Todos estavam fazendo sua parte quando, alguns anos depois do show em Sakamoto, eu a persuadi a me levar para ver o Club MTV Tour no anfiteatro Jones Beach. A formação, francamente, foi levantada: Bell Biv DeVoe, C + C Music Factory, Gerardo. O mais alto de NRG.
Eu ainda estava aprendendo a navegar nesses espaços, tentando descobrir o quão alto eu poderia declarar meu entusiasmo em público. Então, embora eu conhecesse cada palavra de cada música de cada artista, na maioria das vezes eu ficava quieta.
Minha mãe, porém, estava tão exuberante na época quanto no show da Turner. Como qualquer adolescente mal-humorado, fiquei envergonhado – mas também estava aprendendo em primeira mão que era seguro ser você mesmo, mesmo enquanto Bell Biv DeVoe estava atacando calistenicamente o palco durante “Do Me!”
Ela estava me dando um plano para me sentir livre, embora, mesmo agora, eu experimente a exuberância em shows com muito mais intensidade por dentro do que por fora. Talvez isso seja parte da minha história de origem como crítico – assistir ao programa, assistir minha mãe assistir ao programa e ver outros assistirem minha mãe assistir ao programa. Tudo faz parte da experiência.
QUANDO CHEGAR A HORA do show Turner, minha mãe viveu com câncer de pulmão por cerca de três anos. Ela foi diagnosticada, milagrosamente, em uma varredura após um acidente de carro. Os anos que se seguiram foram angustiantes e imprevisíveis.
Nada vai tirar seu verniz mais do que ver alguém que você ama murchar.
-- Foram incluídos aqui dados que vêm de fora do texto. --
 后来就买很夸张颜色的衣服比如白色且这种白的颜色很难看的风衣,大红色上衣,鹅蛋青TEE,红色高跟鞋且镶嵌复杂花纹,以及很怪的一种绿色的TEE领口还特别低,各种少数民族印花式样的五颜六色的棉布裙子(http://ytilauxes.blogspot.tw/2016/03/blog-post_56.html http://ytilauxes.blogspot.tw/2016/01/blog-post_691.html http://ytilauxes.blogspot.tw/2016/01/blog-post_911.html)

Isso me fez hesitar, como se qualquer movimento errado da minha parte pudesse colocá-la em perigo. Quando, em 2017, ela me disse que queria ver o show de Aretha Franklin, tudo que eu conseguia pensar era nas responsabilidades – E se o show atrasasse? E se minha mãe começasse a se sentir fraca durante a apresentação? E se Franklin parecesse … doente? Seria demais para suportar?
Ao longo dos anos, como crítico, tive que assistir a muitos shows do fim da carreira de antigos titãs – pode ser sombrio. Isso também fazia parte da minha hesitação, de que o esforço que eu sabia que minha mãe faria para ir ao show não seria recompensado. Eu queria protegê-la e a mim também.
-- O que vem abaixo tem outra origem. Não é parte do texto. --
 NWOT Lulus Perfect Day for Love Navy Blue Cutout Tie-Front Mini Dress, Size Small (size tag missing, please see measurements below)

Como qualquer pessoa que já viu Franklin se apresentar sabe, no entanto, eu realmente não precisava ter me preocupado. Ela era um pouco frágil, mas vigorosa e teimosa, talvez movida pela determinação de alguém que não estava em perfeita saúde. (Franklin morreu no ano seguinte; este acabou sendo um de seus últimos shows.)
Houve tantos períodos durante a doença de minha mãe em que eu senti que não tinha nada para dar, que nada do que eu fizesse seria útil. Confrontado com a escala e a agilidade de um câncer astuto, você não consegue deixar de se sentir insuficiente.
Isso, no entanto, eu acertei. Como em todos os outros shows, observei minha mãe olhando o palco. Durante toda a noite, ela irradiava esperança. Franklin estava com a saúde debilitada, mas minha mãe não viu nada disso. Ou talvez ela tenha visto, mas não apenas como eu vi. Para ela, Franklin era indomável. Um farol de resiliência.
Os dias logo após o show foram difíceis – para mim. Eu me sentia péssimo por não poder dar a ela essa sensação todos os dias. Minha mãe, por outro lado, falou sobre isso durante semanas. Sobre como Franklin estava mandando na banda. Sobre como ela trouxe sua bolsa para o palco e alguém correu atrás dela quando o show acabou. Sobre seu casaco de pele. Em cada narrativa, Franklin estava muito vivo, e ela também.